Шрифт:
Интервал:
Закладка:
Чтобы учебники и тетрадки не валялись кучей у меня на столе, он купил для меня калошницу, небольшую напольную полочку для обуви. Я стал все складывать в нее. Кстати, она жива до сих пор и используется по прямому назначению у меня в деревне.
К музыке дед был равнодушен. Для меня до сих пор загадка, как он смог привезти из Америки бесценные пластинки Лещенко, Вертинского, Шаляпина и многих других знаменитых певцов. Помню, как он говорил, что в детстве его пытались научить петь, но так как ему медведь на ухо наступил, то из этого ничего не вышло. “Тогда меня зачем-то стали учить танцевать, но с тем же результатом”. К музыке он был еще и, как теперь скажут, толерантен. Будучи студентом, я чертил под магнитофонные записи. Звучало всякое, от чего родителей бросило бы в дрожь. Дед же только раз, когда у меня крутились “Битлз”, спросил: “Кто это там у тебя мяучит?”».

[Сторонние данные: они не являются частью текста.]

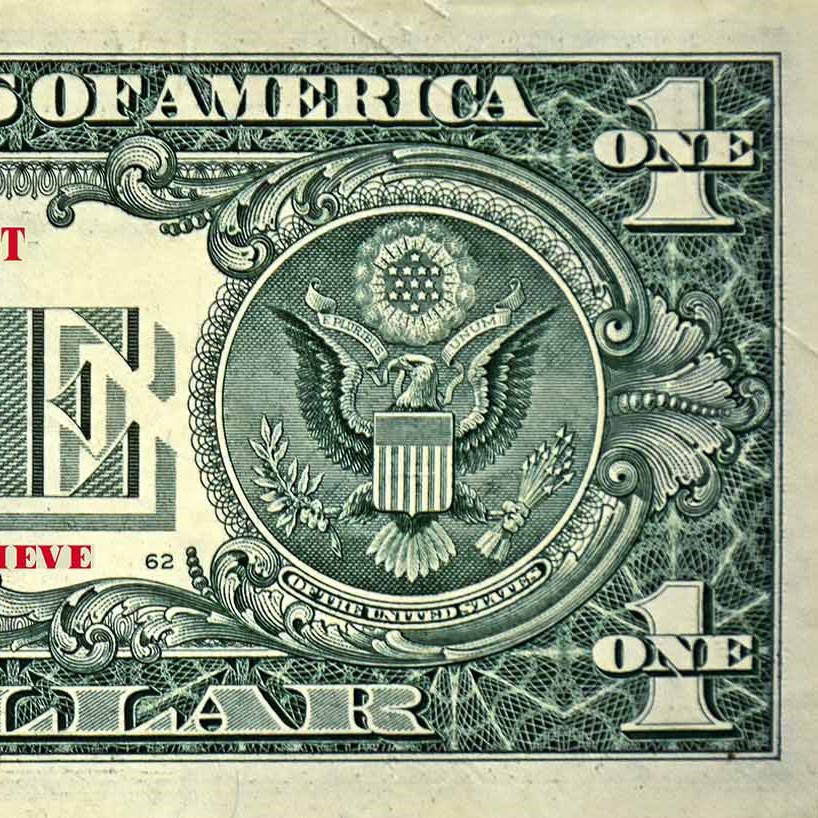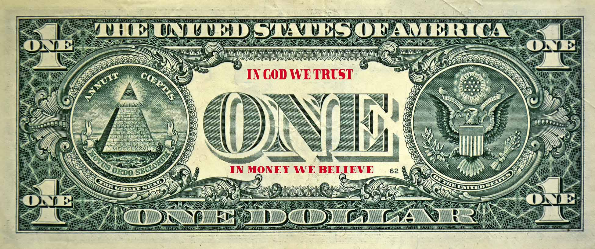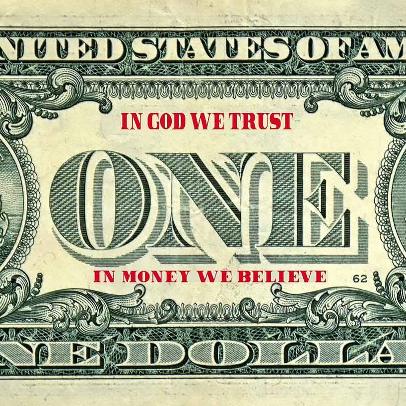 Dollar bill art, money artwork, pop art currency, financial satire, conceptual money art, political finance art, manipulated banknote.

Зять Липгарта оставил такой его портрет в старости: «После семидесяти лет голова его заметно покрылась седыми волосами, но не полностью белыми, а как бы вперемешку. Поэтому иногда казалось, что он не очень седой. Глаза выцвели, – то ли от времени, то ли от долго принимаемых капель. Наверное, прежде они были серыми или голубыми, а может, и серо-голубыми. ‹…› Лицо его – тоже переменчивое. То он выглядел упитанным, то аскетически худым, с ввалившимися щеками и глубокими трещинами-морщинами. ‹…› Рост – ниже среднего (рост А. А. Липгарта – 170 сантиметров. – В. Б.). Правое плечо почему-то ниже левого. Заметный животик, что не позволяло покупать ему брюки в магазинах. В плечах узок, то есть нестандартная фигура. Ноги маленькие, пожалуй, изящные, – 38–39 размер обуви (на самом деле 40-й. – В. Б.). Руки несколько короче обычного, что вызывало необходимость уменьшать длину рукавов на сорочках, ушивая их посредине».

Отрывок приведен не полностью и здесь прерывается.